Hello Team,
I need to run anomaly command on the top of results returned by the lookup.
My lookup is geo: enriching my events with Country and City based on IP address. Then i need to use Country and City as input for anomaly command. But that does not work, because of streaming.
this is working fine:
index=mydata | rename public_ip as ip | lookup maxmind_secone_lookup ip OUTPUT country, region, city
For this:
index=mydata | rename public_ip as ip | lookup maxmind_secone_lookup ip OUTPUT country, region, city | anomalies threshold=0.03 by field1, field2, country
I am getting error:
Streamed search execute failed because: Error in 'lookup' command: Script execution failed for external search command '/opt/splunk/var/run/searchpeers/splunk-1742240975/apps/myapp/bin/geoip_max_lookup.py'..
How to fix it ? I need to run anomalies based on geo enriched country.
Thanks,
Check the file permissions and ensure the script is executable. Run this on the Splunk server:
ls -l /opt/splunk/var/run/searchpeers/splunk-1742240975/apps/myapp/bin/geoip_max_lookup.py
If it’s not executable, make it so:
chmod +x /opt/splunk/var/run/searchpeers/splunk-1742240975/apps/myapp/bin/geoip_max_lookup.py
ensure the file is owned by the user running Splunk (often splunk):
chown splunk:splunk /opt/splunk/var/run/searchpeers/splunk-1742240975/apps/myapp/bin/geoip_max_lookup.py
@kiran_panchavatHave you actually read the question? @MichalG1 explicitly wrote that the lookup does work when it's the last component in the search. If its results are further processed down the search pipeline it doesn't.

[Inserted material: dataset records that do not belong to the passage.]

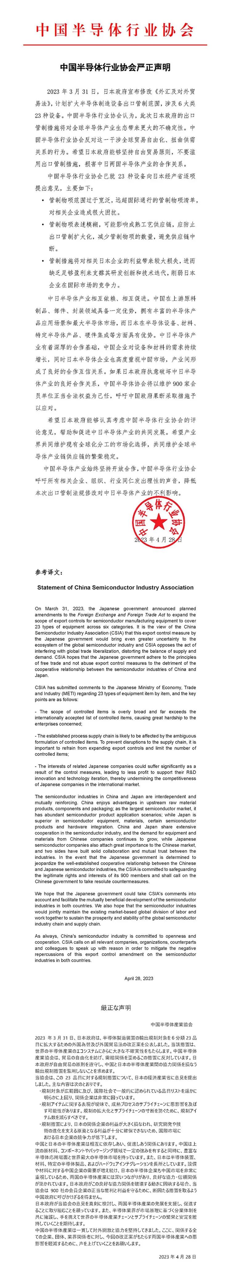 2023年3月31日,日本政府宣布修改《外汇及对外贸易法》,计划扩大半导体制造设备出口管制范围,涉及6大类23种设备。中国半导体行业协会认为,此次日本政府的出口管制措施将对全球半导体产业生态带来更大的不确定性。中国半导体行业协会反对这一干涉全球贸易自由化、扭曲供需关系的行为。希望日本政府能够坚持自由贸易原则,不要滥用出口管制措施,损害中日两国半导体产业的合作关系。
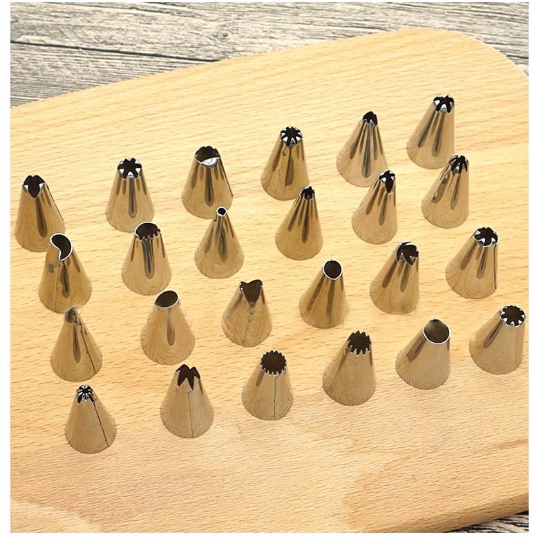 Bộ đui bắt kem 24 món là sản phẩm đặc biệt có thể đáp ứng hoàn toàn nhu cầu trang trí bánh kem của thợ bánh nói riêng và người mê làm bánh nói chung. Bộ đui có chất liệu từ thép không rỉ đả...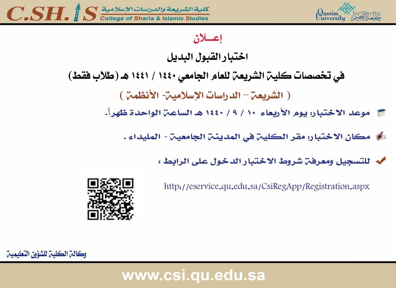 كلية الشريعة والدراسات الإسلامية بجامعة القصيم Su Twitter اختبار القبول البديل في تخصصات الشريعة الدراسات الإسلامية الأنظمة لمن فاته الاختبار الأول الذي ع قد ولديه عذر مقبول وي شترط 1 عدم دخول الاختبار الأول الذي ع قد بتاريخ
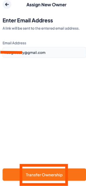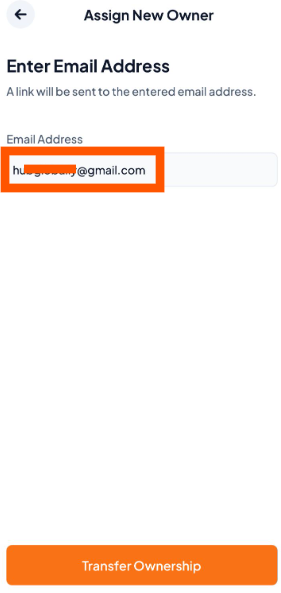 Enter the new owner’s email address or phone number. For example: In our case, the new owner's account was created with email, so we enter the same email to transfer ownership.
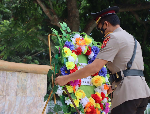 Kabid Humas Polda Aceh Kombes Pol. Winardy, S. H., S.I.K. M. Si, mengatakan, Kapolda Aceh menggelar ziarah dan berdo’a untuk para pahlawan itu dalam rangkaian upacara ziarah dan tabur bunga dalam rangka Hari Bhayangkara ke 75 Tahun 2021 di TMP tersebut.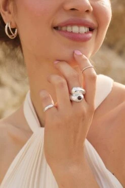 Nuestro anillo Darshan maxi de plata de ley 925, una pieza impresionante que combina la elegancia de la plata con la intensidad del granate deslumbrante. Este anillo presenta un diseño chunky muy en tendencia, perfecto para quienes buscan una joya audaz y sofisticada.

@MichalG1Have you compared search.log from both those cases? It is indeed a bit strange that it does/doesn't work this way.
Hi @PickleRick
Thanks for the help - again 🙂
I do believe it's not working because of this: "Streamed search execute failed"
The reason is: lookup output is streaming and it can not be the input for anomaly command.
In the search logs i can see:
03-18-2025 17:14:39.482 INFO SearchPhaseGenerator [1439947 searchOrchestrator] - Optimized Search =| search (userid!=null earliest=-1d index=data sourcetype=mydata) | where match(ip,"^\\d{1,3}\\.\\d{1,3}\\.\\d{1,3}\\.\\d{1,3}$") | lookup maxmind_lookup ip OUTPUT country, region, city | anomalies threshold=0.0001 by field1, field2, ip 03-18-2025 17:14:39.482 INFO ScopedTimer [1439947 searchOrchestrator] - search.optimize 0.001056652 03-18-2025 17:14:39.482 INFO FederatedInfo [1439947 searchOrchestrator] - No federated search providers defined. 03-18-2025 17:14:39.482 INFO PhaseNodeGenerationVisitor [1439947 searchOrchestrator] - FallBackReason: Fallback to 2-phase mode because of empty split key of cmd: anomalies
The search fails immediately, its not even really executed.
I've tried with CHAT GPT to change the output from lookup for it to be in non-streaming format, but failed (it's not trivial since my lookup is external, not csv file).
Still trying to find the right query.
Thanks,
Michal
You can "destream" your pipeline by inserting the table command before your lookup (either with a strict set of files or just wildcard).